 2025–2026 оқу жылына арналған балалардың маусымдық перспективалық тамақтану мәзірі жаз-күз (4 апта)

* * * * * * * * *

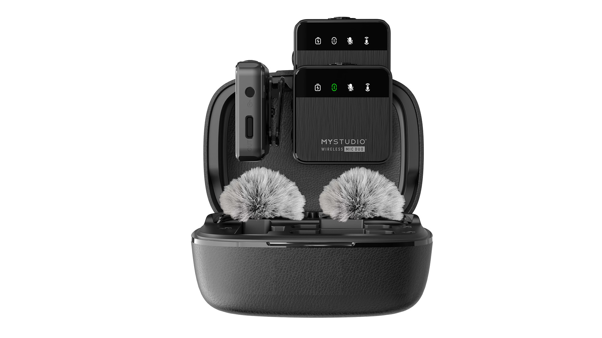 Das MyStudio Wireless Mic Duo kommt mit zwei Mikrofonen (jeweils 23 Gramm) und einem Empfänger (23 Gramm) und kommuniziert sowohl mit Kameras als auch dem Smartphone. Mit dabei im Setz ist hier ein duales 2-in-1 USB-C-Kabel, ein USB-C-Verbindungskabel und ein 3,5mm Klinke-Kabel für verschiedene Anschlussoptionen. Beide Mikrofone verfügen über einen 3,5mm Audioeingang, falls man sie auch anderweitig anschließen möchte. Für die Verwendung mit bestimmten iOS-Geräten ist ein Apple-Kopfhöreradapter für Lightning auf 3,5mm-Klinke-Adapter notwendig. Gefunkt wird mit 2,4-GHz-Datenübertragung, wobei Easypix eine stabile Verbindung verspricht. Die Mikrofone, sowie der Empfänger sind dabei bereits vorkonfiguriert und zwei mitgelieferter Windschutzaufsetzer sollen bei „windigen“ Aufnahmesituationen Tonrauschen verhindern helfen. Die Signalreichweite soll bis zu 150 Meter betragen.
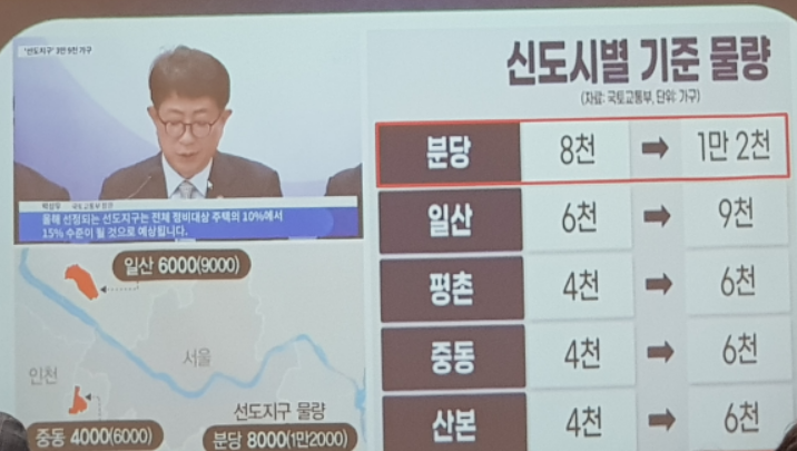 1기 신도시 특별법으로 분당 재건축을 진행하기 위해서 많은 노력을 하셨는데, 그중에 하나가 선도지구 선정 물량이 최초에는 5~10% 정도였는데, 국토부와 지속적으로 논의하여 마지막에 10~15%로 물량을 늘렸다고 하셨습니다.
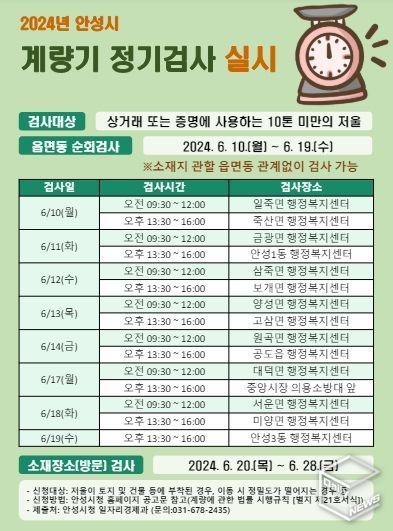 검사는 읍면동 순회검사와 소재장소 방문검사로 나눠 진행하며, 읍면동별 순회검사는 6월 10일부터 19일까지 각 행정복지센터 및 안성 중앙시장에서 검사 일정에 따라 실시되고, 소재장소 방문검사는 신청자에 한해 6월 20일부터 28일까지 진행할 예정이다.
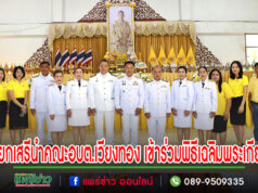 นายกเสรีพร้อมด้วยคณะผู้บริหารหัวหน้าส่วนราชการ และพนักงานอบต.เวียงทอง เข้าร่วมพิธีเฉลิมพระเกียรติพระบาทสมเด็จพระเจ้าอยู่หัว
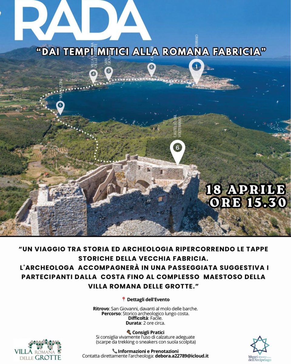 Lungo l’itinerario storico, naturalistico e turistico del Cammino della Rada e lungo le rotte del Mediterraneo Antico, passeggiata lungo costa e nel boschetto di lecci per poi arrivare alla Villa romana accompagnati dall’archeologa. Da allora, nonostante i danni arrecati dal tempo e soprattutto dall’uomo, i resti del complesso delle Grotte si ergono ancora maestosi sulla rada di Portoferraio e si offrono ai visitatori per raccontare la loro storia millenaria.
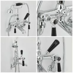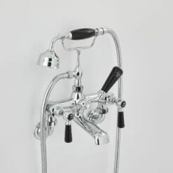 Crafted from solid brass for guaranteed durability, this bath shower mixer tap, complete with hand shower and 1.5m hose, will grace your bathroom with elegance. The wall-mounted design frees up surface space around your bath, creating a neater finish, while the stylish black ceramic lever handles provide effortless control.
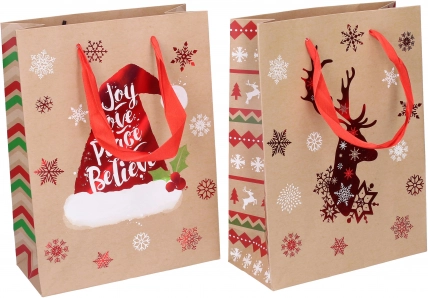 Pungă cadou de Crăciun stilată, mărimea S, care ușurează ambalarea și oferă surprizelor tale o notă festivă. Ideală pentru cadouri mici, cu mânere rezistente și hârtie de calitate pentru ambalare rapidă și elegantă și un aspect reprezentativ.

* * * * * * * * *

- Work order -
Skipping the pictures, print the lines in the listing above exactly as written, starting at the line with "1기 신도시 특별법으로" and ending at the line with "Pungă cadou de", both included.

- Expected output -
 1기 신도시 특별법으로 분당 재건축을 진행하기 위해서 많은 노력을 하셨는데, 그중에 하나가 선도지구 선정 물량이 최초에는 5~10% 정도였는데, 국토부와 지속적으로 논의하여 마지막에 10~15%로 물량을 늘렸다고 하셨습니다.
 검사는 읍면동 순회검사와 소재장소 방문검사로 나눠 진행하며, 읍면동별 순회검사는 6월 10일부터 19일까지 각 행정복지센터 및 안성 중앙시장에서 검사 일정에 따라 실시되고, 소재장소 방문검사는 신청자에 한해 6월 20일부터 28일까지 진행할 예정이다.
 นายกเสรีพร้อมด้วยคณะผู้บริหารหัวหน้าส่วนราชการ และพนักงานอบต.เวียงทอง เข้าร่วมพิธีเฉลิมพระเกียรติพระบาทสมเด็จพระเจ้าอยู่หัว
 Lungo l’itinerario storico, naturalistico e turistico del Cammino della Rada e lungo le rotte del Mediterraneo Antico, passeggiata lungo costa e nel boschetto di lecci per poi arrivare alla Villa romana accompagnati dall’archeologa. Da allora, nonostante i danni arrecati dal tempo e soprattutto dall’uomo, i resti del complesso delle Grotte si ergono ancora maestosi sulla rada di Portoferraio e si offrono ai visitatori per raccontare la loro storia millenaria.
 Crafted from solid brass for guaranteed durability, this bath shower mixer tap, complete with hand shower and 1.5m hose, will grace your bathroom with elegance. The wall-mounted design frees up surface space around your bath, creating a neater finish, while the stylish black ceramic lever handles provide effortless control.
 Pungă cadou de Crăciun stilată, mărimea S, care ușurează ambalarea și oferă surprizelor tale o notă festivă. Ideală pentru cadouri mici, cu mânere rezistente și hârtie de calitate pentru ambalare rapidă și elegantă și un aspect reprezentativ.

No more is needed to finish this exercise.